Copyright © 2021 Roswell Daily Record

Working from proven models for substance abuse prevention, a team of young adults and behavioral experts want to reduce youth marijuana use in Roswell.

In 2019, La Casa Behavioral Health, 110 E. Mescalero Road, and Eastern New Mexico University-Roswell were awarded a five-year, $300,000 grant from the Substance Abuse and Mental Health Services Administration (SAMHSA), part of the U.S. Department of Health and Human Services, with the goal of reducing substance abuse in Chaves County through the formation of a Young Adult Council.

The pandemic prevented much public work from being done, however. They have met only about four times, but the council members are now ready to get started on their goals. The Young Adult Council made its public debut at the Aug. 12 Roswell City Council meeting with three members speaking during a public hearing on the city’s new cannabis regulations.
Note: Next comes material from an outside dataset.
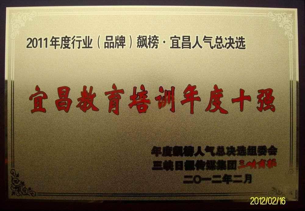 2011年先后获宜昌教育培训年度十强、宜昌教育培训名片;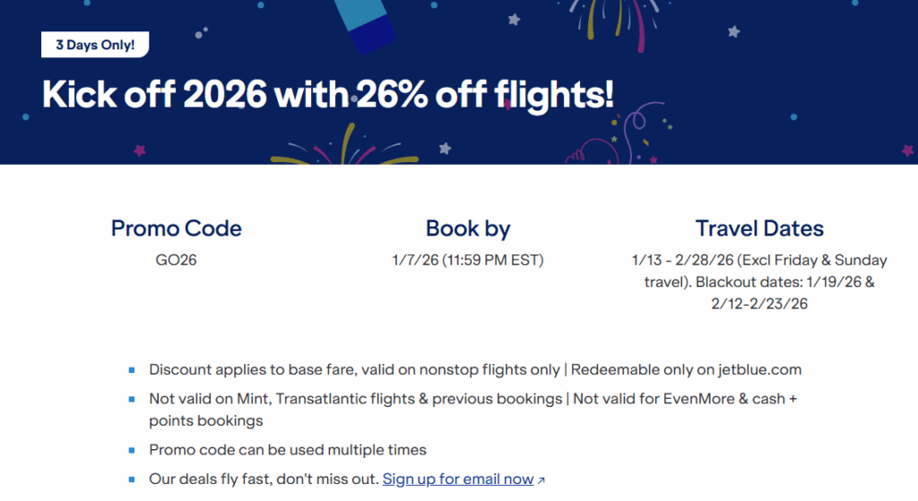 - JetBlue is offering 26% off base fares when you use promo code GO26

“It’s been a rush, but hopefully, now that we had the public hearing we can slow down and we can begin recruiting members and just working more on improving the community,” said Paulina Alvarez, president of the Young Adult Council.

Paulina, her sister Vanessa and Jasmin Contreras have worked with their sponsors at La Casa, Prevention Coordinators Kim Rutley and Teresa Nicholson, since last year. Their early projects can be seen around town on billboards and on advertisements on social media site Snapchat with the slogan “What the fact.” They also have a website at www.giveafact.org.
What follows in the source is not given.